-- Opening Marker --

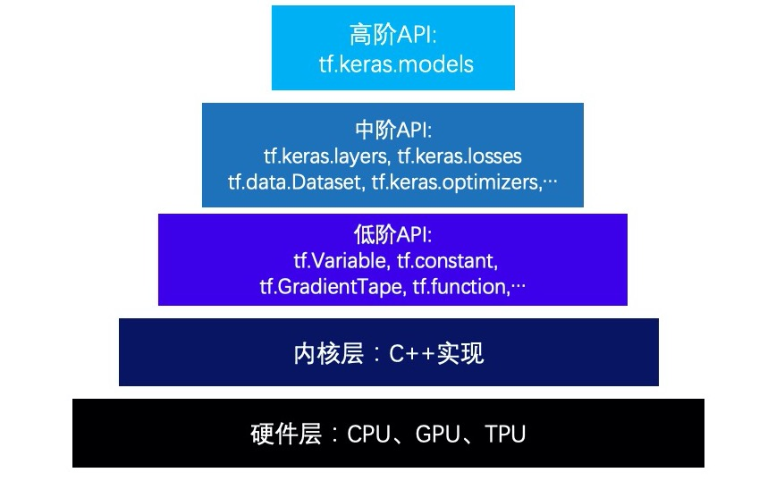 TensorFlow的层次结构从低到高可以分成如下五层:硬件层,内核层,低阶API,中阶API,高阶API。
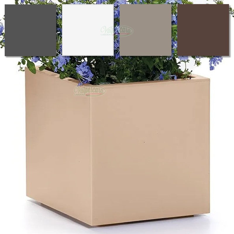 Provvista di ruote orientabili, la cassetta ha una pratica riserva acqua, già integrata, per offrire un benessere permanente alle piante. Kebe è resistente al gelo e ai raggi UV.
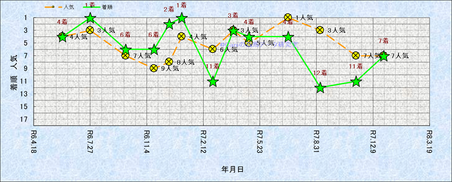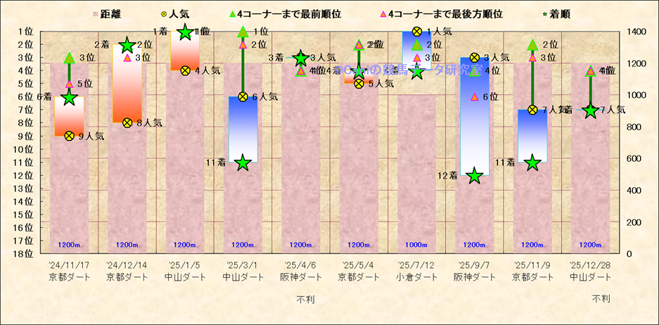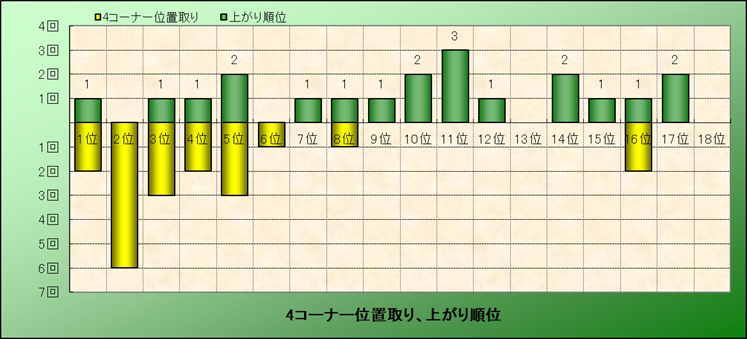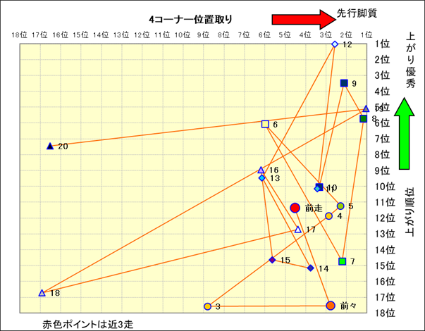 脚質解析 近20レースの4コーナーでの位置取りと上がり順位(頭数補正後) |

-- Closing Marker --

• **Task objective**:
No pictures, please. Output the listing above exactly as it stands.

• **Exercise output**:
 TensorFlow的层次结构从低到高可以分成如下五层:硬件层,内核层,低阶API,中阶API,高阶API。
 Provvista di ruote orientabili, la cassetta ha una pratica riserva acqua, già integrata, per offrire un benessere permanente alle piante. Kebe è resistente al gelo e ai raggi UV.
 脚質解析 近20レースの4コーナーでの位置取りと上がり順位(頭数補正後) |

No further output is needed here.